Politikadan kaynaklanan acılara ek olarak, yazarın hayatındaki bu döneme (o sırada İsviçre'de mülteciydi) başka bir dram eşlik ediyordu; zaten talihsiz olan ailesinin hayatta kalan son ferdi olan küçük kardeşi, 1928'de yasadışı Komünist Parti'ye üye olmak suçlamasıyla tutuklanmıştı.
İnsan Silone hayal kırıklığına uğramış ve hayata küsmüşse, yazar Silone ise çok fazla malzeme üretmiştir. İsviçre sürgününden göçmenlerin yazılarını, İtalyan faşizmiyle ilgili makale ve denemeleri ve özellikle de en ünlü romanı ' Fontamara "Faşizme ve Stalinizme karşı mücadele onu aktif siyasete ve Zürih'teki Sosyalist Dış Merkezi yönetmeye yöneltti. Bu Sosyalist Merkez tarafından üretilen belgelerin yayılması, Silone'nin iadesini talep eden ve neyse ki İsviçre makamları tarafından iade edilmeyen Faşistlerin tepkisine neden oldu.
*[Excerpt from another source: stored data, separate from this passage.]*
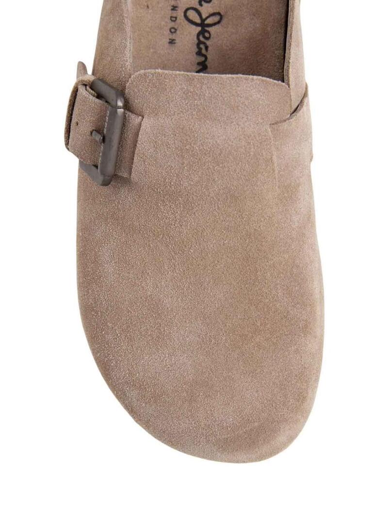 Zoccoli Pepe Jeans. Colore beige. Parte superiore in pelle scamosciata. Cinturino con fibbia metallica. Soletta anatomica. Logo classico sulla soletta. Suola dentellata in TR.
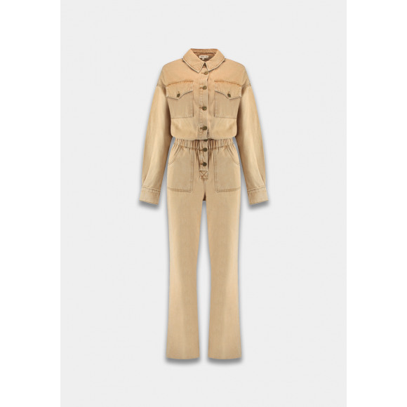 Jumpsuit van het merk Harper & Yve. Deze zandkleurige denim jumpsuit is een stoere en stijlvolle keuze voor elke dag. Het model heeft een kraag, lange mouwen en klepzakken op de borst voor een casual, utility look. De taille is voorzien van een elastische band met strikkoord, waardoor de pasvorm mooi geaccentueerd wordt. De rechte pijpen geven het geheel een relaxte uitstraling.
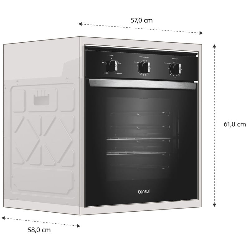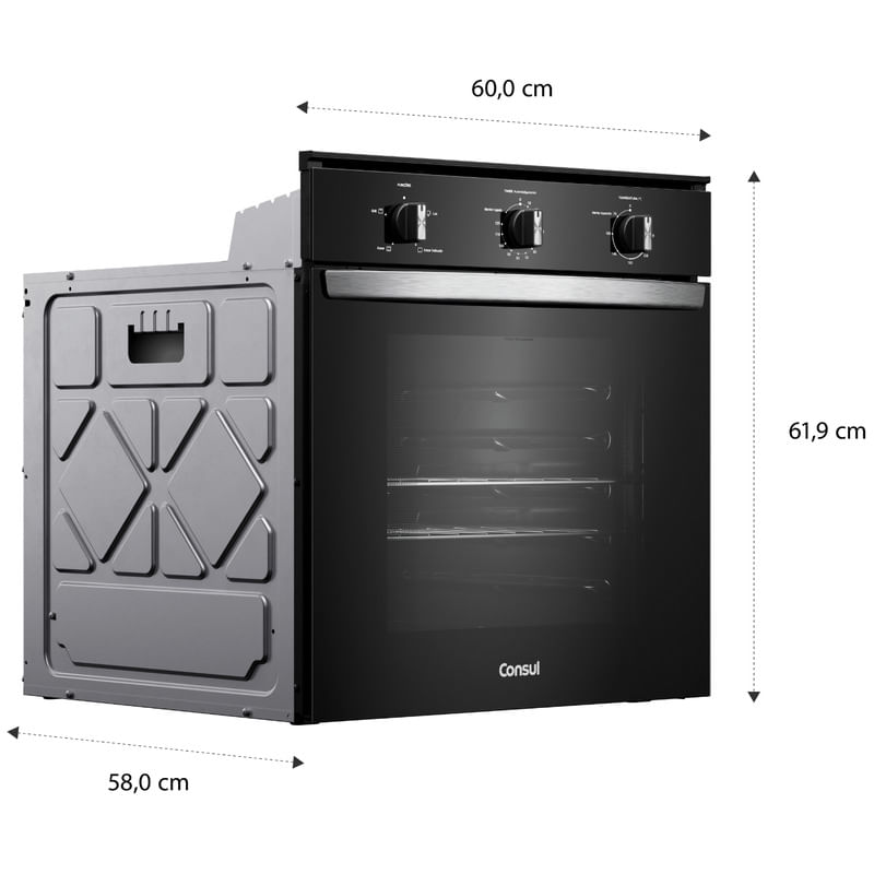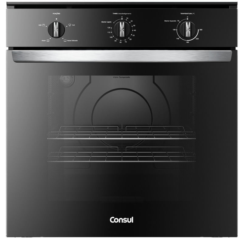 Forno de embutir elétrico Consul 84L preto com Timer Autodesligamento e Grill COB84BE

Yazar 1941'de 'Kar Altındaki Tohum'u yayınladı ve birkaç yıl sonra, İkinci Dünya Savaşı'nın sonunda İtalya'ya dönerek Sosyalist Parti'ye katıldı.
Daha sonra 'l'Avanti!'yi yönetir, 'Europa Socialista'yı kurar ve yeni bir parti kurarak sosyalist güçleri birleştirmeye çalışır, ancak sadece hayal kırıklığı yaşar ve siyasetten çekilmeye ikna olur. Ertesi yıl Uluslararası Kültür Özgürlüğü Hareketi'nin İtalya bölümünü yönetir ve 'Tempo Presente' dergisinin yönetimini üstlenir. Bu yıllarda Silone için'Bir Avuç Böğürtlen', 'Luca'nın Sırrı' ve 'Tilki ve Kamelyalar' yayımlanır.
Uzun bir hastalığın ardından 22 Ağustos 1978'de Cenevre'deki bir klinikte beyin kanaması geçirerek hayatını kaybeden Silone, Pescina dei Marsi'de, San Bernardo'nun eski çan kulesinin dibine gömülmüştür.